- Data extract:
>>

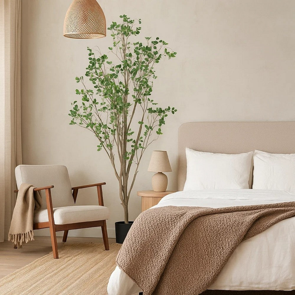 Refresh your space with the Deso artificial milan leaf bonsai, standing tall at 71 inches. Showcasing rich green oval leaves in clusters on wisping branches with realistic bark, it’s pre-potted in a white textured pot for easy styling. A low-maintenance accent perfect for modern homes, offices, or commercial spaces. Explore more in our Deso collection.
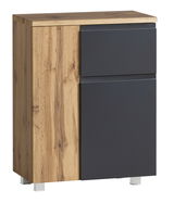Mit einer Breite von 65 cm bietet der XORA Unterschrank VARESE ausreichend Platz für verschiedenste Utensilien. Die durchdachte Aufteilung und die grifflosen Fronten sorgen für eine klare und moderne Optik, die in jeder Umgebung überzeugt. Die hochwertige Holznachbildung in Grau und Eiche Wotan verleiht dem Unterschrank eine edle Haptik und macht ihn zum Hingucker in jedem Raum. Erleben Sie die perfekte Kombination aus Funktionalität und Design und bringen Sie neuen Schwung in Ihr Zuhause. Bestellen Sie den XORA Unterschrank VARESE noch heute und geniessen Sie ein stilvolles Wohnambiente.
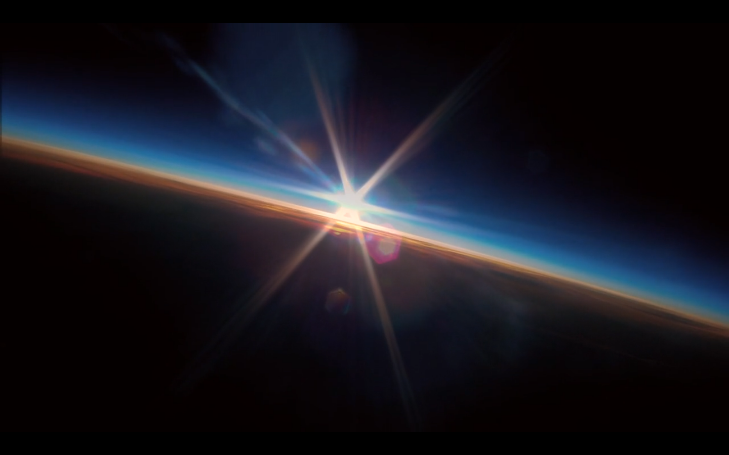 This image captures a dramatic view of the Earth's limb against the blackness of space, highlighting the thin blue atmosphere and a brilliant solar flare or atmospheric glow. The visual language is stark, emphasizing the contrast between light and deep shadow.
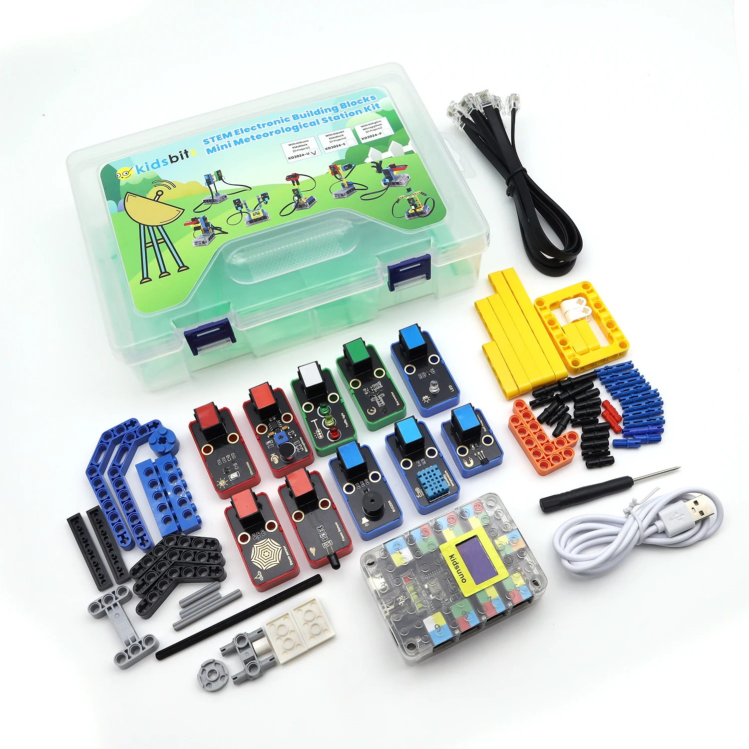 Designed especially for children aged 9–12, this STEM Electronic Building Blocks Mini Meteorological Station Kit provides a fun and educational introduction to electronics and programming. First of all, it is based on KidsBlock and the Python programming language. Moreover, the kit is fully compatible with LEGO building blocks, allowing children to learn while building creatively.

<<

- Requirement:
Output an exact copy of the material, with the pictures removed.

- Exercise result:
 Refresh your space with the Deso artificial milan leaf bonsai, standing tall at 71 inches. Showcasing rich green oval leaves in clusters on wisping branches with realistic bark, it’s pre-potted in a white textured pot for easy styling. A low-maintenance accent perfect for modern homes, offices, or commercial spaces. Explore more in our Deso collection.
Mit einer Breite von 65 cm bietet der XORA Unterschrank VARESE ausreichend Platz für verschiedenste Utensilien. Die durchdachte Aufteilung und die grifflosen Fronten sorgen für eine klare und moderne Optik, die in jeder Umgebung überzeugt. Die hochwertige Holznachbildung in Grau und Eiche Wotan verleiht dem Unterschrank eine edle Haptik und macht ihn zum Hingucker in jedem Raum. Erleben Sie die perfekte Kombination aus Funktionalität und Design und bringen Sie neuen Schwung in Ihr Zuhause. Bestellen Sie den XORA Unterschrank VARESE noch heute und geniessen Sie ein stilvolles Wohnambiente.
 This image captures a dramatic view of the Earth's limb against the blackness of space, highlighting the thin blue atmosphere and a brilliant solar flare or atmospheric glow. The visual language is stark, emphasizing the contrast between light and deep shadow.
 Designed especially for children aged 9–12, this STEM Electronic Building Blocks Mini Meteorological Station Kit provides a fun and educational introduction to electronics and programming. First of all, it is based on KidsBlock and the Python programming language. Moreover, the kit is fully compatible with LEGO building blocks, allowing children to learn while building creatively.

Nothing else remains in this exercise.